Ecumenism bolstered

Published December 1, 2000

The controversial Vatican document, Dominus Iesus, has strengthened the ecumenical commitment of many German Catholics, according to Maria Jepsen, the Lutheran bishop of Hamburg in the North Elbian Evangelical Lutheran Church, who said that many Roman Catholics and Protestants in her country took communion together.

Bishop Jepsen, who became the world’s first woman Lutheran bishop in 1992, was speaking in Rome last weekend, during a visit to Rome’s Lutheran community.

She is believed to be the first female bishop to speak publicly in Rome.

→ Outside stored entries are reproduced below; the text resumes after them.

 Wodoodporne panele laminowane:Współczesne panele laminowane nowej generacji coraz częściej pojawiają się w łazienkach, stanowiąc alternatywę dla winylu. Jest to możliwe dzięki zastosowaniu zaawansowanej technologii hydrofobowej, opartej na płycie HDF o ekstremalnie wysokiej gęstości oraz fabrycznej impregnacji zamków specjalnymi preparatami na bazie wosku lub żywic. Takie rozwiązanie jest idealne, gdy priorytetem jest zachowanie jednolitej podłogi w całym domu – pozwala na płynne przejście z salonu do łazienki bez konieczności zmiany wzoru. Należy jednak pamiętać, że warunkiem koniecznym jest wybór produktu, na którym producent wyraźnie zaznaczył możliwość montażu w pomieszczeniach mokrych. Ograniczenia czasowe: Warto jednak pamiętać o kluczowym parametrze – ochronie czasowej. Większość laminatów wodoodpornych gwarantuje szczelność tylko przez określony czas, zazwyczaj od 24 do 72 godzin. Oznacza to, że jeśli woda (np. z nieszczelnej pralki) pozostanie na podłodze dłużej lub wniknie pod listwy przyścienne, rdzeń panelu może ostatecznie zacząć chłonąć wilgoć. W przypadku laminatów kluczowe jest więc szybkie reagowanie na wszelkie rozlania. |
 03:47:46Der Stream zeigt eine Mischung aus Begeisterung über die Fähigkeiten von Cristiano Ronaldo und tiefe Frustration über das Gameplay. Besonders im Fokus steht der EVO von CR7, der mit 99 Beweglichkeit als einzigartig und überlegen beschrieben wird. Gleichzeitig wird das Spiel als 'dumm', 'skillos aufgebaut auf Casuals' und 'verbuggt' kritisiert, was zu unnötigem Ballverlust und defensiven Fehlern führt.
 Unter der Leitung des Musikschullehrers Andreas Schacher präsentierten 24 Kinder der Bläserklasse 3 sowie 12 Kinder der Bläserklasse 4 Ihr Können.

The city’s Lutheran pastor, Hans-Michael Uhl, told a gathering of Lutherans here that in inviting a woman bishop to speak, the community was not trying to “provoke” a reaction, but simply wanted to explain “the structure of the German Lutheran church and its way of functioning.” (The Vatican opposes the ordination of women, and Pope John Paul has declared that the Catholic church will never admit women to the priesthood.)

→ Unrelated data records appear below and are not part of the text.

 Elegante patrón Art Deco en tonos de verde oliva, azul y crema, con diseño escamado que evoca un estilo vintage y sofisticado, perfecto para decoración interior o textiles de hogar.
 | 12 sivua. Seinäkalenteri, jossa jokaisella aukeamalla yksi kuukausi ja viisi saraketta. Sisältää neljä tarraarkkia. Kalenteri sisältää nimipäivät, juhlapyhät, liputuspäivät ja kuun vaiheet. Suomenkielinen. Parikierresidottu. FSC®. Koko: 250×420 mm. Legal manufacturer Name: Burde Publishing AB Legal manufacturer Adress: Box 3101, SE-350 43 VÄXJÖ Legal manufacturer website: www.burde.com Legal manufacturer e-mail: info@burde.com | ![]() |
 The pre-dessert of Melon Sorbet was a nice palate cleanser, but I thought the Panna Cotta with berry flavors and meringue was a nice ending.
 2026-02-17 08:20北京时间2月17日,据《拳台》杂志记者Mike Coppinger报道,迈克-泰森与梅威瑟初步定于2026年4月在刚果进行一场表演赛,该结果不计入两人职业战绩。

In her speech to Rome’s Lutherans, Bishop Jepsen talked about her theological studies, her decision to ask for ordination, her 18 years of ministry in a rural community and the initial “troubles” and then “serenity” that followed her election as bishop.

She said that her ministry as a pastor and then bishop had been “a great blessing”, but she added that it had not been “without problems, because of certain sexist attitudes which are difficult to change.”